God told Samuel, they’re not rejecting you, but Me. And thus it happens so often. Not against our personal opinions – though we muddy this boundary – but against God’s truth.

He says to live with others as peaceably as possible. I always find that as possible a great comfort. Because sometimes it’s just not up to you, and you had to speak your piece, and now you have to let go - or else keep forging a little against the fire. Peace be with you in that, my friends. And go gently. I am not a confronter, but I appreciate you vocal folk as having hold of the harder love, to both receive and to give.


 

The other morning, with a friend’s babe tucked onto my lap, sleeping, I found a book she’d been reading on her end table and flipped it open. It was The Read-Aloud Family. It’s about the transformative beauty of cultivating a love of reading into our kids. How reading to them, even once they can read for themselves, creates something special, which is best curated with patience and a lap and our undivided attention. I didn’t read much of it, in that keyhole of time, but I can light a candle for the cause. My mother used to read to me, and I can testify to its magic. Under the oak in the park, she’d weave stories out of the grass around us. She’d read us Tolkien and Lewis at home, picture books in the gazebo by the library. Her voice became my own confidence for story-making. A swung-wide gate for active imagination. And, which is more important, the assurance of her time, which I can never remember questioning.

In the book, the author quotes N. D. Wilson, who writes:

“Watching one’s small humans age and grow up packs a serious punch.
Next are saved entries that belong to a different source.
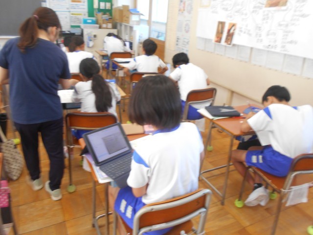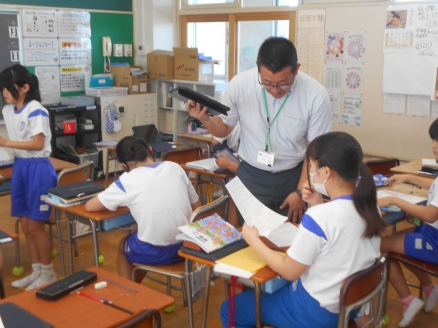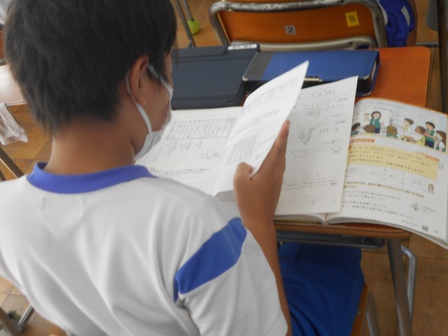 6年1組の算数の授業の様子です。群馬県総合教育センターで算数の授業づくりについて研究をしている本校の先生による授業。今日は6年生での単元の最終日です。4種類の問題の完成を目指しました。できた人は、次の課題にチャレンジし、自分のペースで学習を進めていました。これまでに学習してきたノートを振り返りながら取り組む姿もありました。子どもが主体の授業が展開されていました。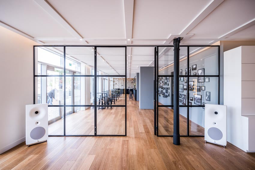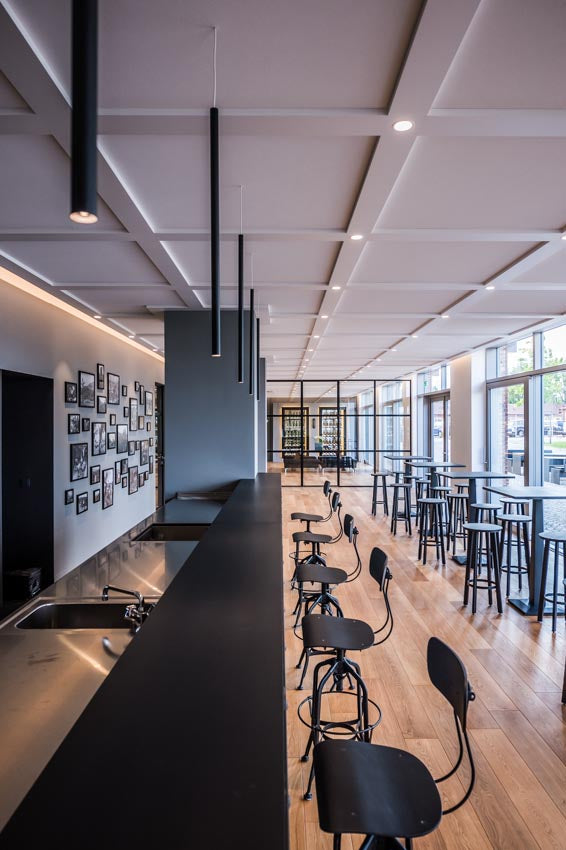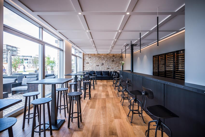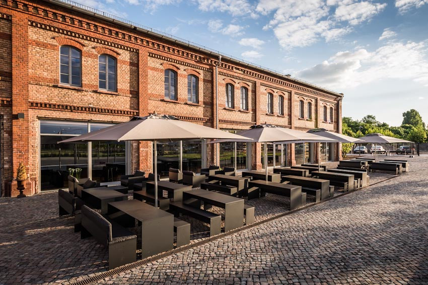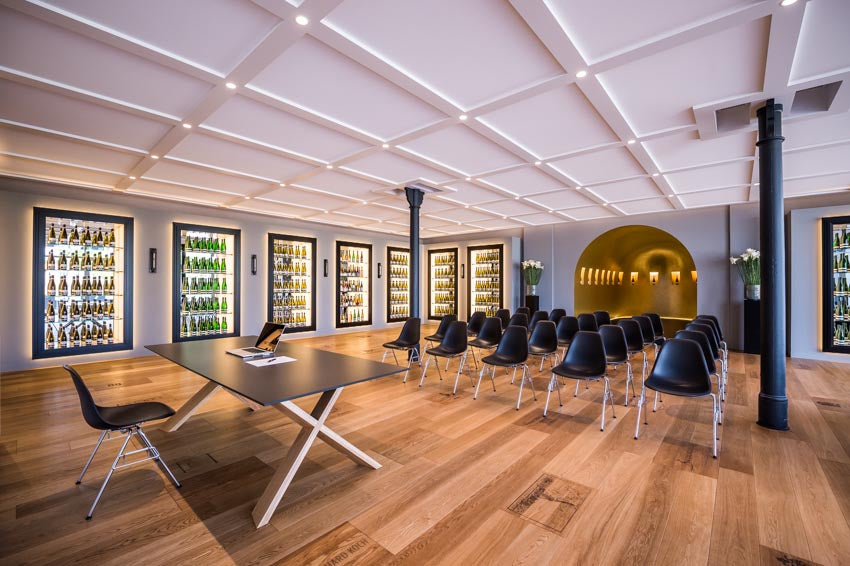 The clean lines and subtle colors of the RIVA series and the "X-Man" table by conmoto blend skillfully with the industrial charm of the old barracks building. This stylistic line serves as a contrasting backdrop, giving more space and significance to the room's details. These include the oak parquet flooring with inlays made from real wine barrels and the sculpture of Saint Urban, the patron saint of winemakers and vineyards.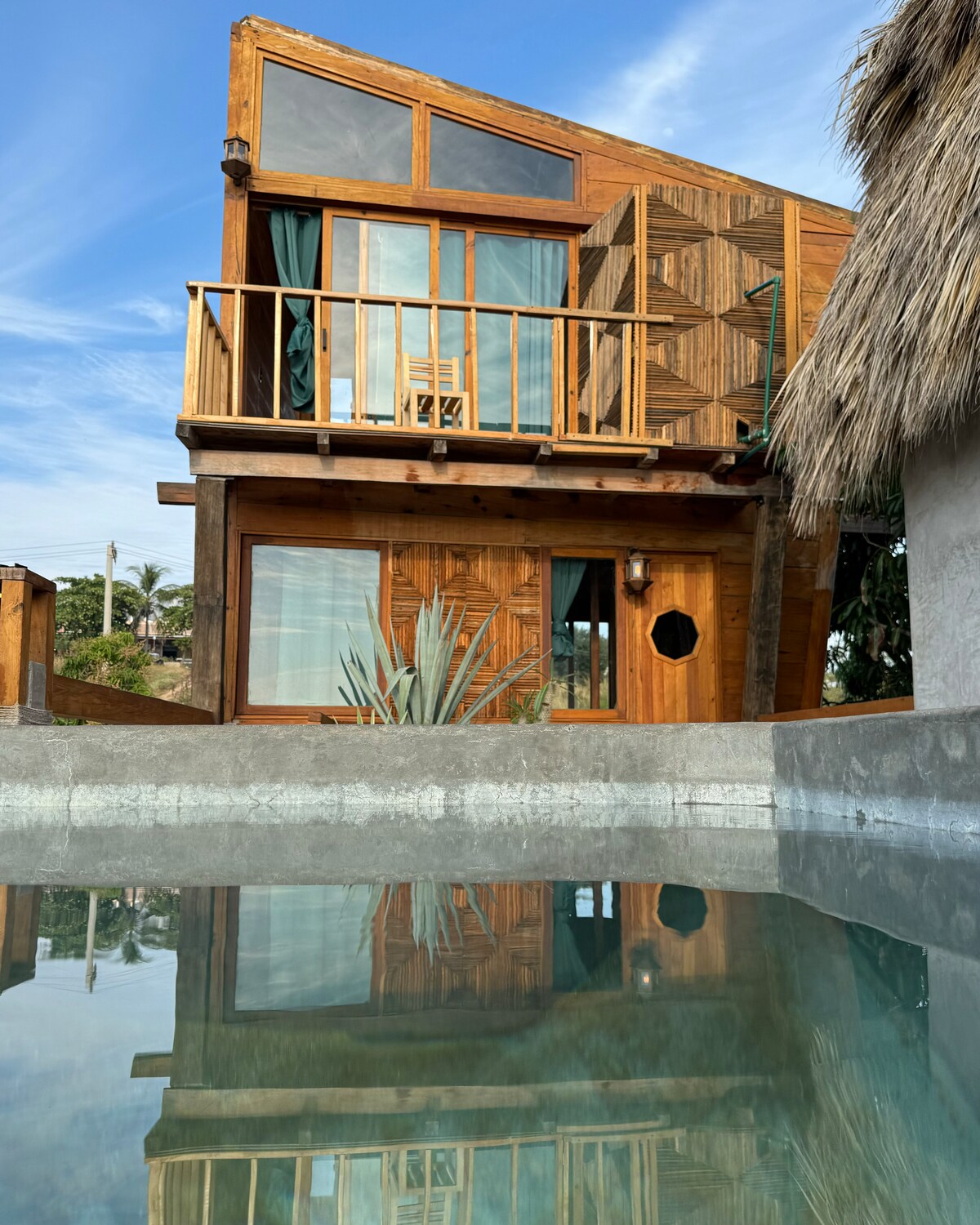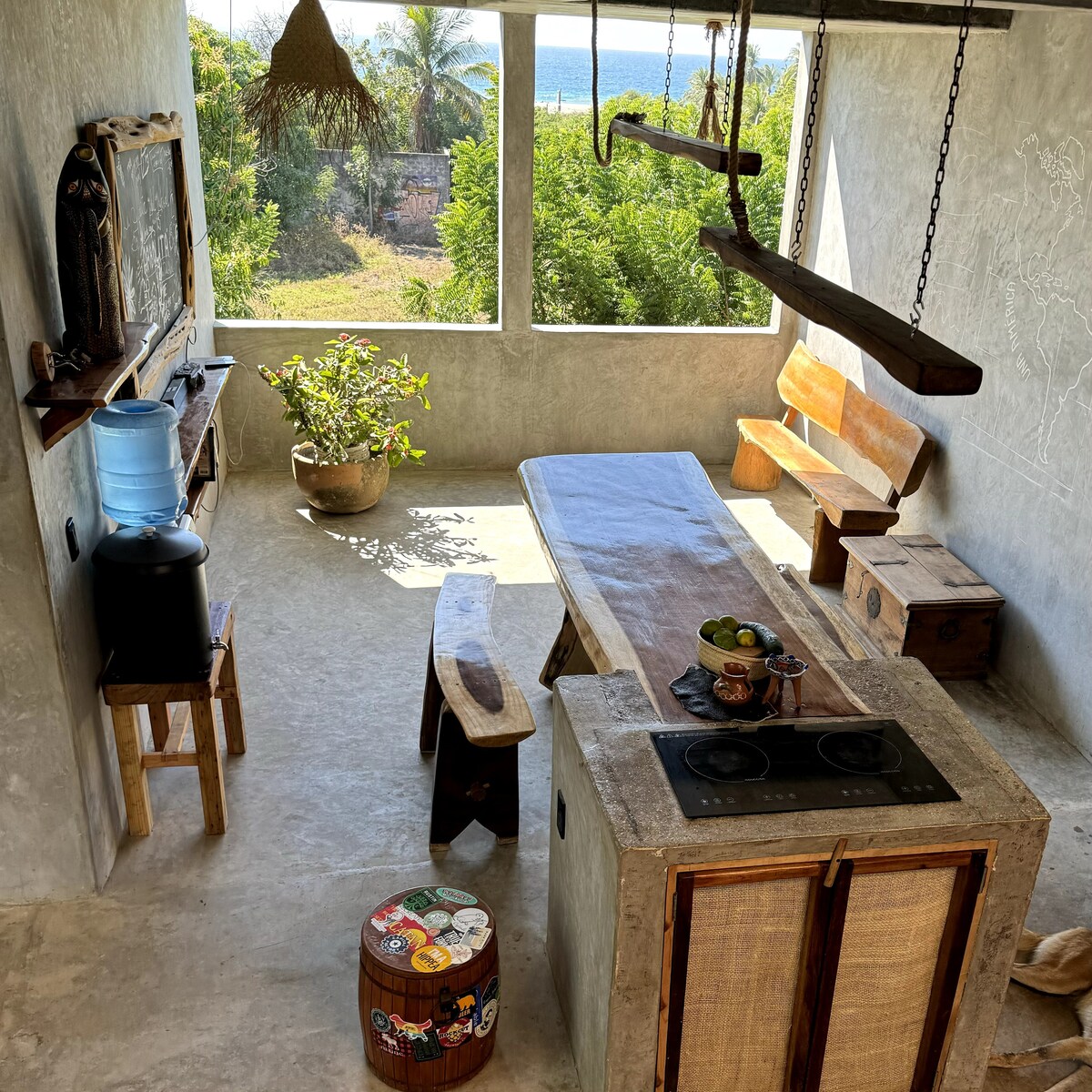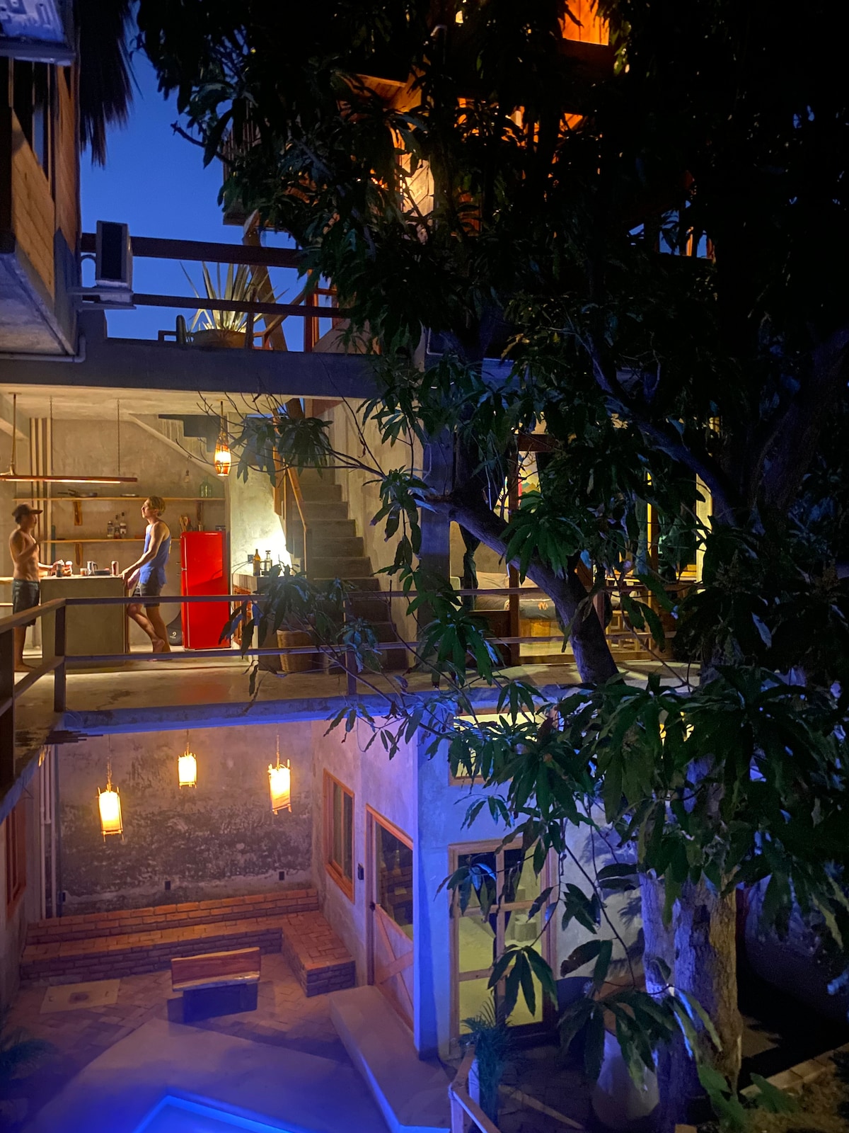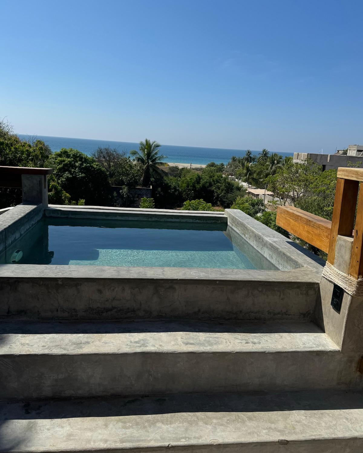 Escape to this designer oasis where 22 guests can unwind in style! Set among lush trees, our unique property combines privacy with social charm, offering 10 beds, each with AC, bathroom, and Starlink WiFi. Enjoy two pools (one with ocean views), a communal kitchen, and a laid-back vibe perfect for mingling. Conveniently located and just steps from Zicatela Beach and Market, this architecturally rich, breezy retreat is crafted for comfort, nature lovers, and social adventurers alike.

It’s like being stuck in a dream unable to speak, like being a ghost that can see but not touch, like standing on a huge grate while a storm rains oiled diamonds, like collecting feathers in a storm. Parents in love with their children are all amnesiacs, trying to remember, trying to cherish moments, ghosts trying to hold the world.”

I hated this, when first I read it - my own boy still young, our days tripping over their own feet as they run fast away from us. This Ecclesiastic futility. His book is called Death by Living, so I’m not sure that it grows upward toward optimism. But, nestled into the first chapter of Sarah Mackenzie’s book, I think the point is to try. To be there, be present. To, God willing, write as long and as faithfully as we can upon their blank pages, even as they begin filling despite us. To cherish. Which is to say, to love God and love others, the foundation for everything.